Mobile Feature Spec: Structured Document Scanning

1. Overview

This feature allows mobile users to scan physical documents via the camera for the purpose of efficient data ingestion. Unlike the “Visual Art” flow, this is a utilitarian flow focused on extracting structured information from text-heavy documents to populate the Knowledge Graph.

2. User Workflow

  1. Open Scanner: User accesses the “Document Scanner” mode in the mobile app.
  2. Scan: User positions camera over a document.
    • UI Feature: Edge detection guide overlays to assist regular cropping.
  3. Review: User reviews the scan clarity and crops if necessary.
  4. Ingest: User confirms upload.
  5. System Action:
    • The document is processed by the “Structured” service.
    • Content is converted to structured JSON.
    • Data is ingested into the system’s Memory (Zep).

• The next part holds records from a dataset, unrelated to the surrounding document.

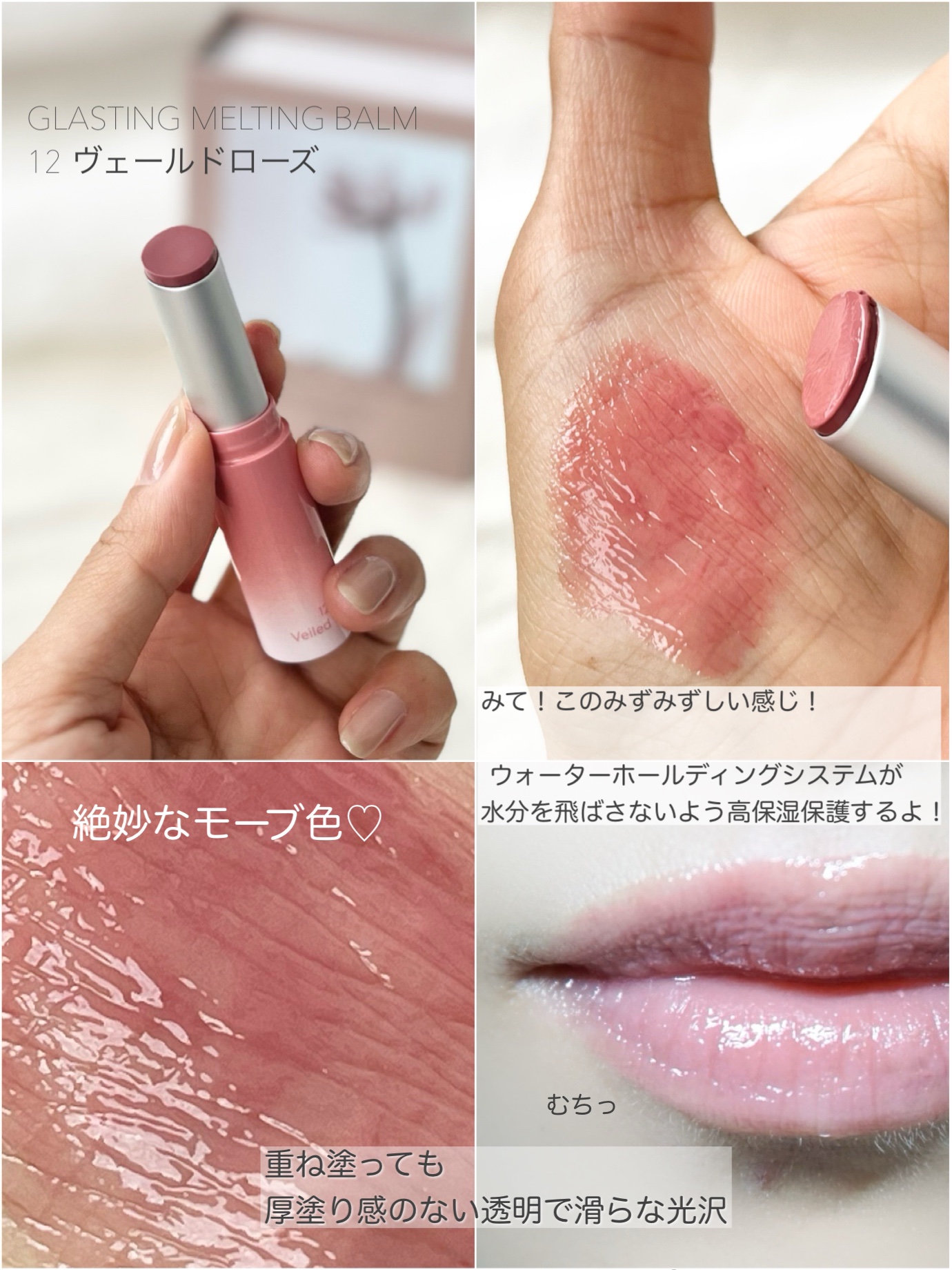 - もちっとした水膜で弾けそうなツヤリップ 1.軽い塗り心地のなめらかで透明な水爆弾ツヤ 2.塗った瞬間から唇を鮮やかに彩る多彩なカラーバーム 3.植物性保湿オイルでしっとりもっちり保湿バーム
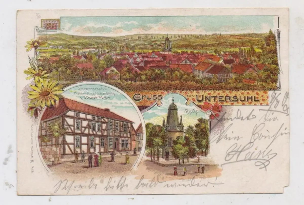 0 - 5904 GERSTUNGEN - UNTERSUHL, Lithographie, Gastwirtschaft Mohr, Kirche, Gesamtansicht, Eckfehler
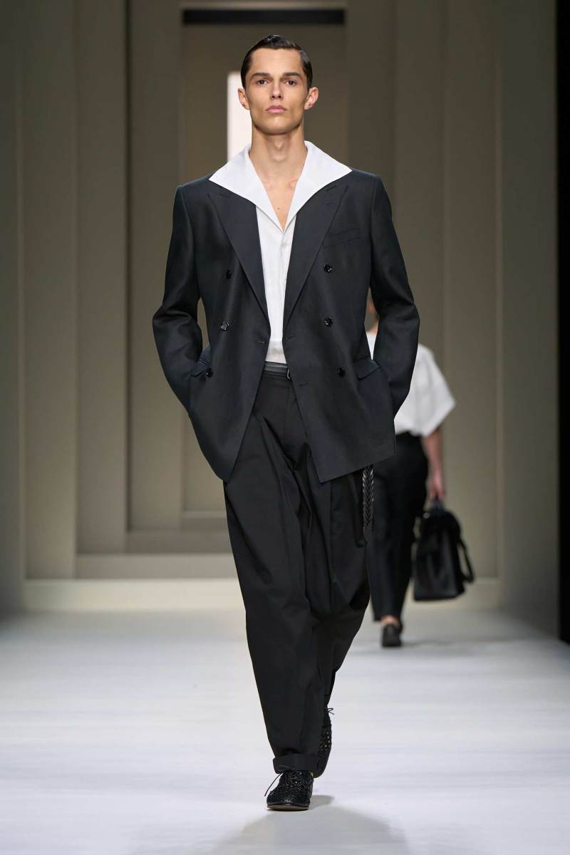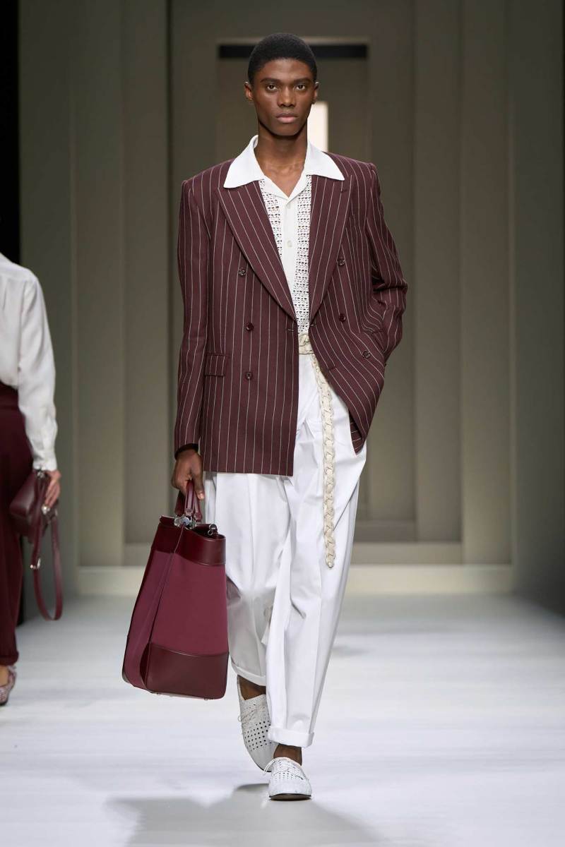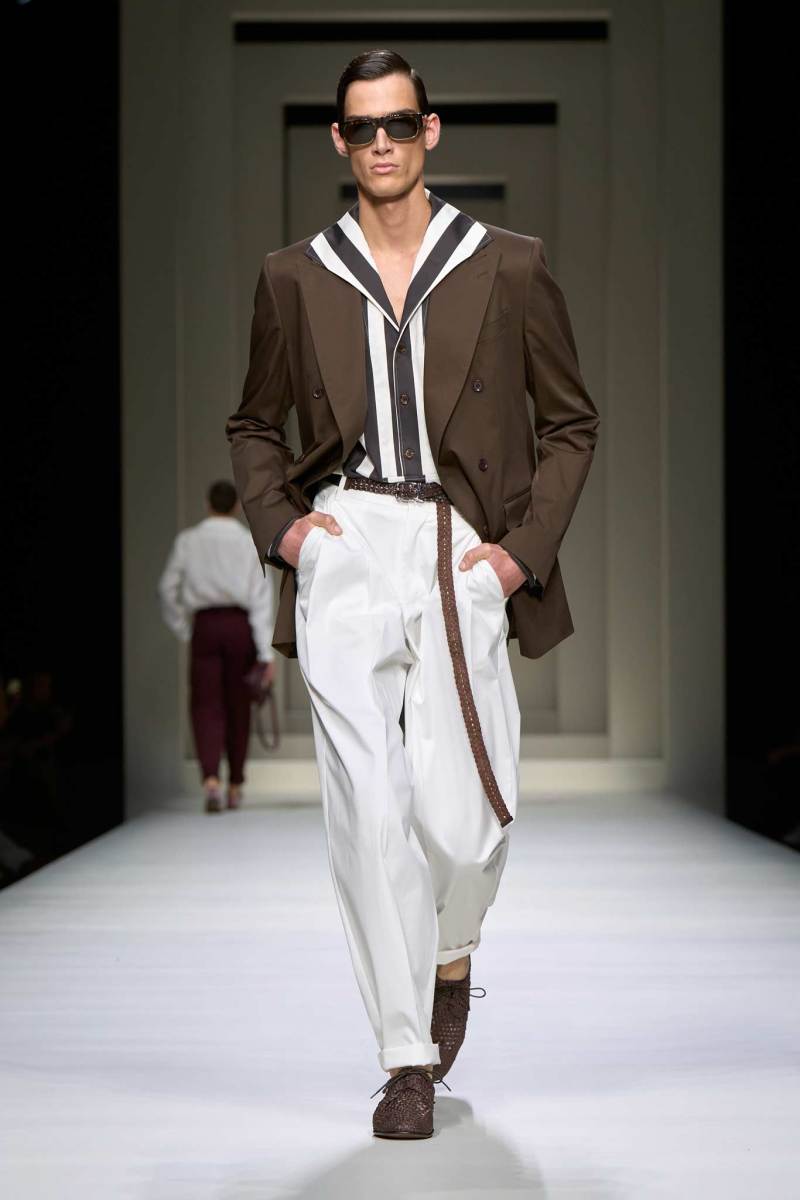 L’ispirazione principale arriva dalla cultura, dalle icone cinematografiche nonché dai nomi iconici del cinema italiano degli anni Cinquanta e Sessanta. Una collezione sofisticata, leggera, spensierata, lussuosa e raffinata, che comprende completi morbidi, pantaloni con pinces, camicie in lino, giacche colorate, polo, bermuda. Moltissimi i cenni alla tradizione italiana, arricchiti e rivisitati in chiave più moderna.
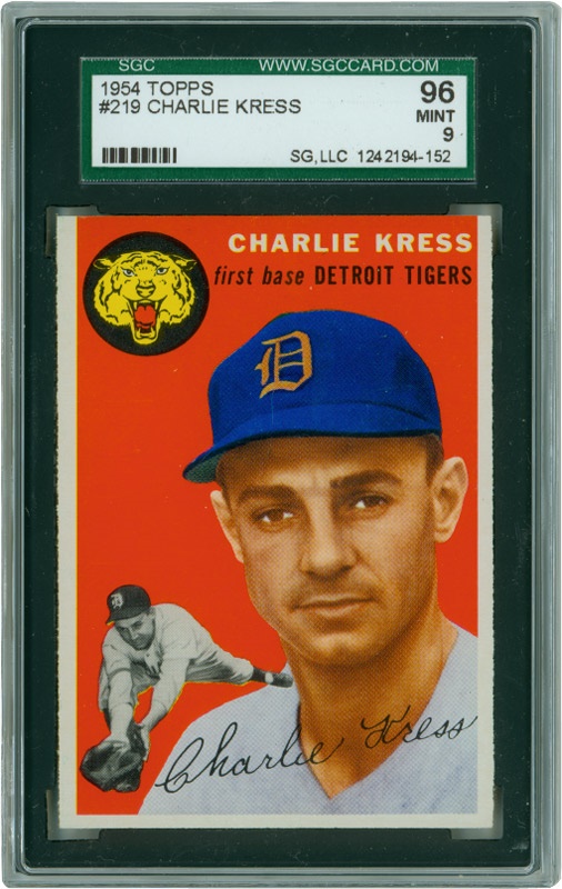 Lot # 361: 1954 Topps #219 Charlie Kress SGC 96 MINT 9
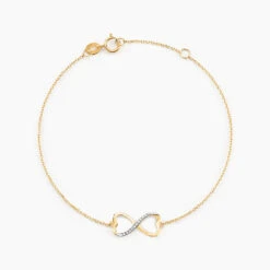 Bracelet Or Jaune 375/1000 Forme Infini Cœur Pavage Diamants Maille Forçat 18cm

3. Technical Implementation

3.1 Mobile Client

  • Scanner Interface: Use platform-native document scanning APIs (e.g., VisionKit on iOS, ML Kit on Android) for:
    • Edge detection.
    • Perspective correction.
    • Auto-cropping.
  • Upload Endpoint: POST /api/v1/ingest/document (Multipart/form-data).
  • Payload:
    • file: The processed PDF or high-contrast image.
    • session_id: Current active session.

3.2 Backend Processing

  1. Storage:
    • Save raw scan to Blob Storage.
  2. Structured Extraction:
    • Send file to Structured (unstructured.io or internal equivalent service).
    • Goal: Extract hierarchy, tables, and key-value pairs into normalized JSON.
  3. Ingestion:
    • Parse the returned JSON.
    • Chunk text based on document structure (headers, sections).
    • Embed chunks and upsert into Zep Memory and/or Graph Database.
  4. Metadata:
    • Tag entry with source_type: scanned_document.

4. Requirements

  • Accuracy: High-quality OCR and structure recognition.
  • Format: Output must be machine-readable JSON, not just plain text blocks.
  • Searchability: The ingested content must be immediately searchable by Agents (Elena/Marcus) within the session context.